RECORDS FOR THE EXERCISE: Begin

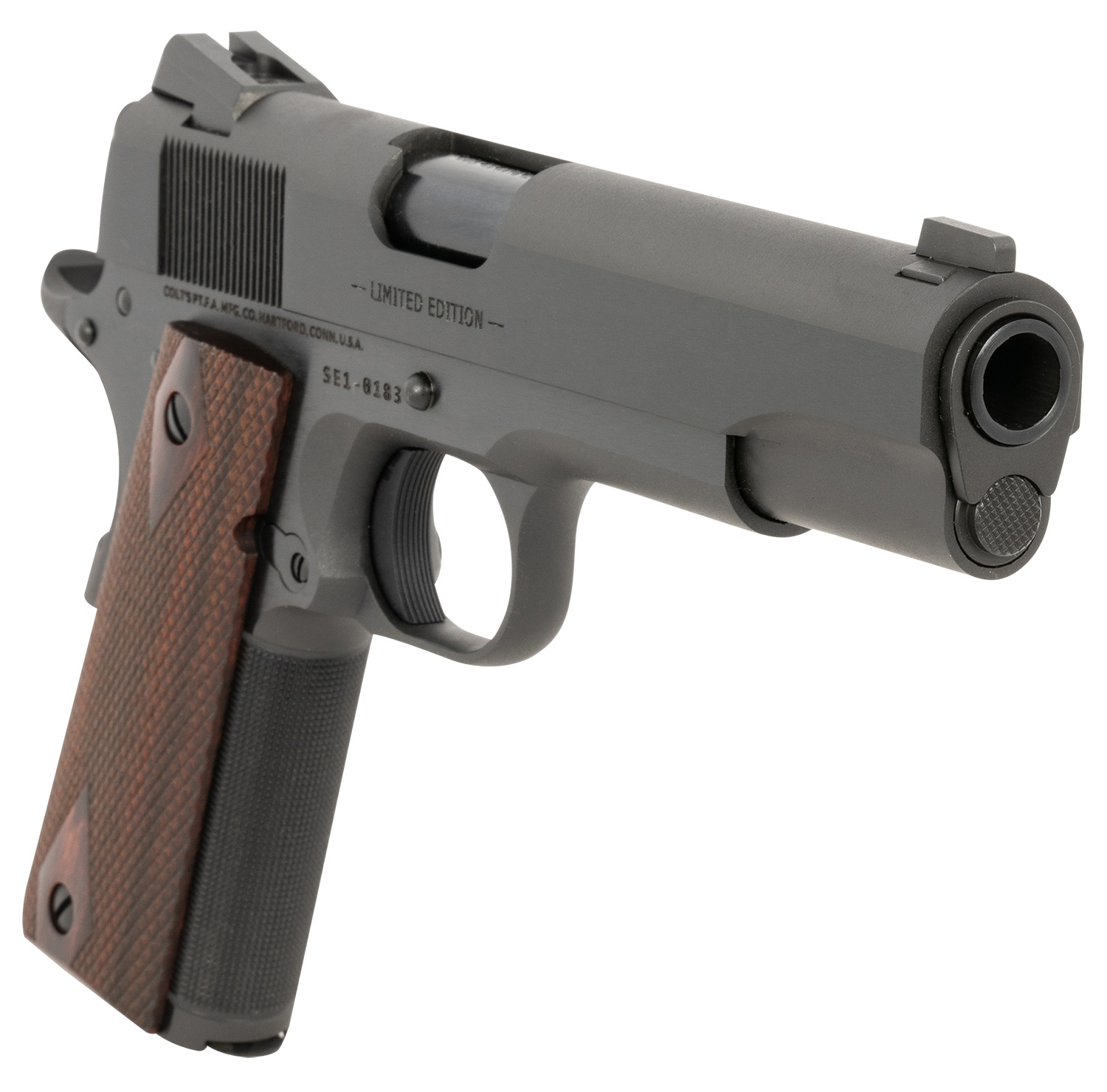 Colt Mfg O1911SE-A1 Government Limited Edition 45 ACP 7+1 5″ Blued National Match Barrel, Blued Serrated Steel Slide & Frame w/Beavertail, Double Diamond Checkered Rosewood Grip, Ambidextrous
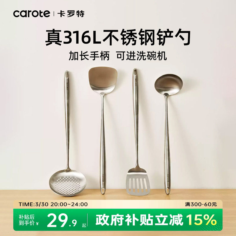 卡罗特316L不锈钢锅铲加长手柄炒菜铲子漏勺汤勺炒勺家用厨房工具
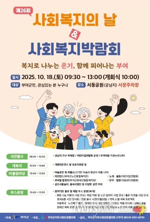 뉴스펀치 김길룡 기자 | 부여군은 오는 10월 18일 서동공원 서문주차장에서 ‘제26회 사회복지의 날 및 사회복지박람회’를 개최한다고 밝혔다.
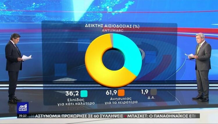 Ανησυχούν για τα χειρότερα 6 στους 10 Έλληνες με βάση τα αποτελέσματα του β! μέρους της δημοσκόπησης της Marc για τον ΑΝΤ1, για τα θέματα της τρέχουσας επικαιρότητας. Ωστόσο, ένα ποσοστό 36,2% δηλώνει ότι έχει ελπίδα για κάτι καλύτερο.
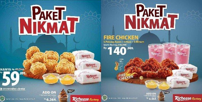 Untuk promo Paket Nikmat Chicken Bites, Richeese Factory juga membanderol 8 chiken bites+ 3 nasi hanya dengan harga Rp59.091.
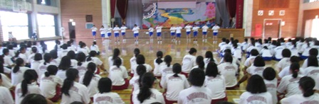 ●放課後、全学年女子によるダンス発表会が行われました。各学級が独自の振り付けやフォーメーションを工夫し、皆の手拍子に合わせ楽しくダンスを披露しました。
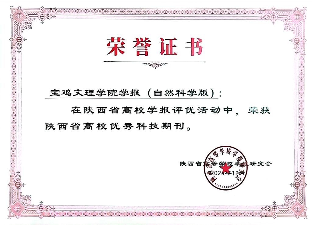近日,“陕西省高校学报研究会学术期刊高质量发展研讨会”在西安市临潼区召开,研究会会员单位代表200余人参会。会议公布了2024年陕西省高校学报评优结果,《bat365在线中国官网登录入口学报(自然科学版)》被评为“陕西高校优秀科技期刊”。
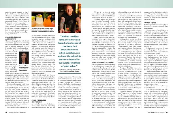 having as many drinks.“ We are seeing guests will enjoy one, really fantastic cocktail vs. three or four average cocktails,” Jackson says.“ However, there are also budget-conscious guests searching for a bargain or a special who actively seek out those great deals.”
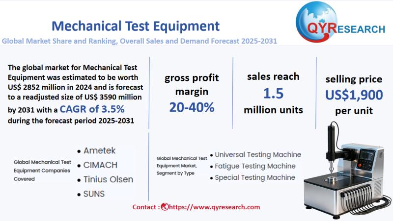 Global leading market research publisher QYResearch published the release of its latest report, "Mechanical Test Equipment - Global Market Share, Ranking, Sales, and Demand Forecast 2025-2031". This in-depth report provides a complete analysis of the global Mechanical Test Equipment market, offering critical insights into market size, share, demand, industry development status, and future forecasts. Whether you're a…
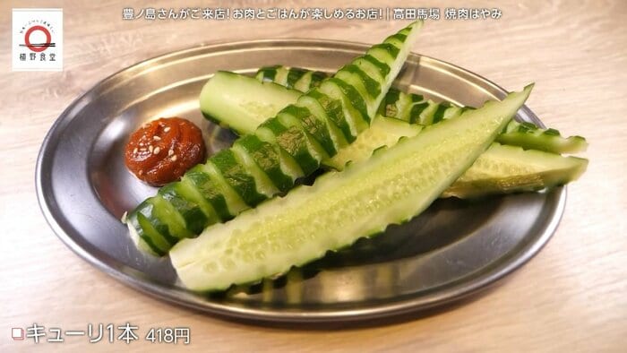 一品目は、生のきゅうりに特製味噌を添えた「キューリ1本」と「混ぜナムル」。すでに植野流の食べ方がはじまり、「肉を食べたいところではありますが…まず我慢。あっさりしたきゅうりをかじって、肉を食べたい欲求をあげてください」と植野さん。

RECORDS FOR THE EXERCISE: End
RECORDS FOR THE EXERCISE: Begin

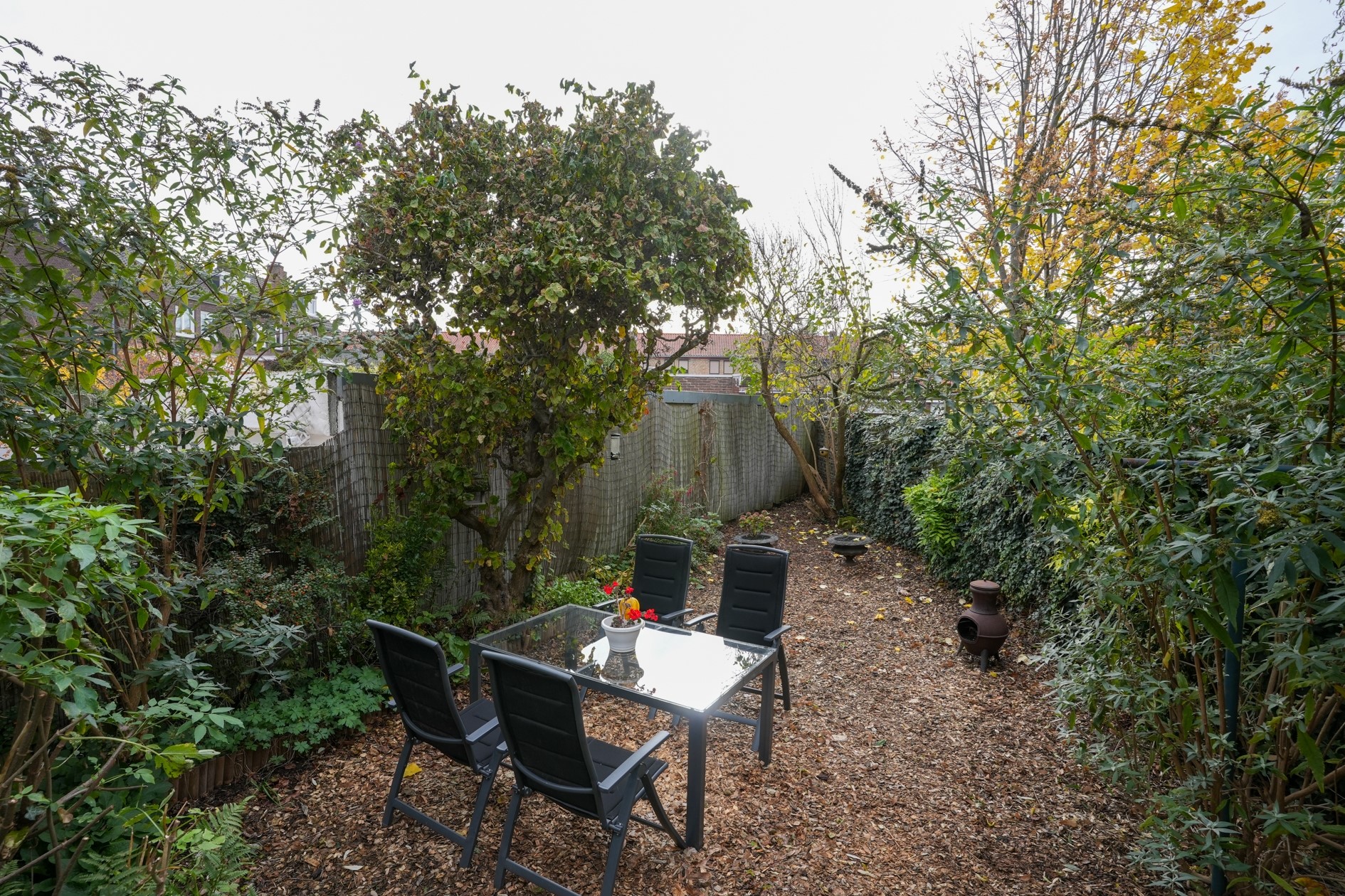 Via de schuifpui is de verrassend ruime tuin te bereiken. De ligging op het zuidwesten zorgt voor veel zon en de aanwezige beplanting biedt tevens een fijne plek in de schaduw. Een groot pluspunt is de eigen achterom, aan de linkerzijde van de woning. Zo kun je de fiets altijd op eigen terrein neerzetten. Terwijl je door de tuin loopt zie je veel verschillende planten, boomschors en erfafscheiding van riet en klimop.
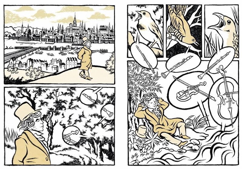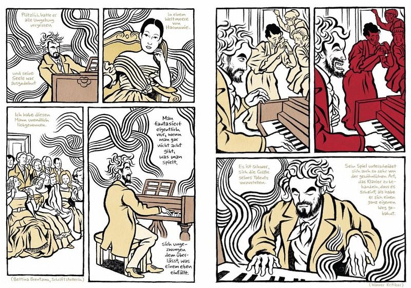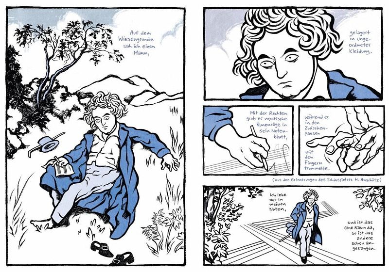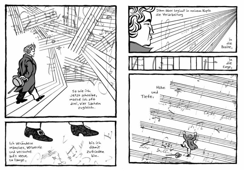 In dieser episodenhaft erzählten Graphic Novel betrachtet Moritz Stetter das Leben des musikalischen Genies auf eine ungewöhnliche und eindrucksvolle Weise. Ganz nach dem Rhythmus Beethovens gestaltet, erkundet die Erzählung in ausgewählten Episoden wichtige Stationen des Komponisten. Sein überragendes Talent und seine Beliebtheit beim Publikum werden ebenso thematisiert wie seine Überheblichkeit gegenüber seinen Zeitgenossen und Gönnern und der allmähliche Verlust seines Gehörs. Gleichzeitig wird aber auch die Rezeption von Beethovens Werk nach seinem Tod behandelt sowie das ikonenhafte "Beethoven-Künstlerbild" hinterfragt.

RECORDS FOR THE EXERCISE: End
RECORDS FOR THE EXERCISE: Begin

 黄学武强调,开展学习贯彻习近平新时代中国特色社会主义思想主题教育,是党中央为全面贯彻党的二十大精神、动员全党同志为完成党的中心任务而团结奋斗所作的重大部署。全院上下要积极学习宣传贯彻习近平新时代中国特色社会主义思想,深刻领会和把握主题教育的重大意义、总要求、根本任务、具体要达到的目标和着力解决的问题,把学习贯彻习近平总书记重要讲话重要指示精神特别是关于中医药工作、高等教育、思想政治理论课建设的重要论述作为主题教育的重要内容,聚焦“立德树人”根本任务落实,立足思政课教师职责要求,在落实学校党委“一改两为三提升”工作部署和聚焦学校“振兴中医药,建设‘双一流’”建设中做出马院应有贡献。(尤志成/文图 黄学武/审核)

RECORDS FOR THE EXERCISE: End

### TASK TO COMPLETE
Without the pictures, set down the lines above from the line with "Via de schuifpui" up to and including the line with "In dieser episodenhaft" exactly as they stand.

### ANSWER BOX
 Via de schuifpui is de verrassend ruime tuin te bereiken. De ligging op het zuidwesten zorgt voor veel zon en de aanwezige beplanting biedt tevens een fijne plek in de schaduw. Een groot pluspunt is de eigen achterom, aan de linkerzijde van de woning. Zo kun je de fiets altijd op eigen terrein neerzetten. Terwijl je door de tuin loopt zie je veel verschillende planten, boomschors en erfafscheiding van riet en klimop.
 In dieser episodenhaft erzählten Graphic Novel betrachtet Moritz Stetter das Leben des musikalischen Genies auf eine ungewöhnliche und eindrucksvolle Weise. Ganz nach dem Rhythmus Beethovens gestaltet, erkundet die Erzählung in ausgewählten Episoden wichtige Stationen des Komponisten. Sein überragendes Talent und seine Beliebtheit beim Publikum werden ebenso thematisiert wie seine Überheblichkeit gegenüber seinen Zeitgenossen und Gönnern und der allmähliche Verlust seines Gehörs. Gleichzeitig wird aber auch die Rezeption von Beethovens Werk nach seinem Tod behandelt sowie das ikonenhafte "Beethoven-Künstlerbild" hinterfragt.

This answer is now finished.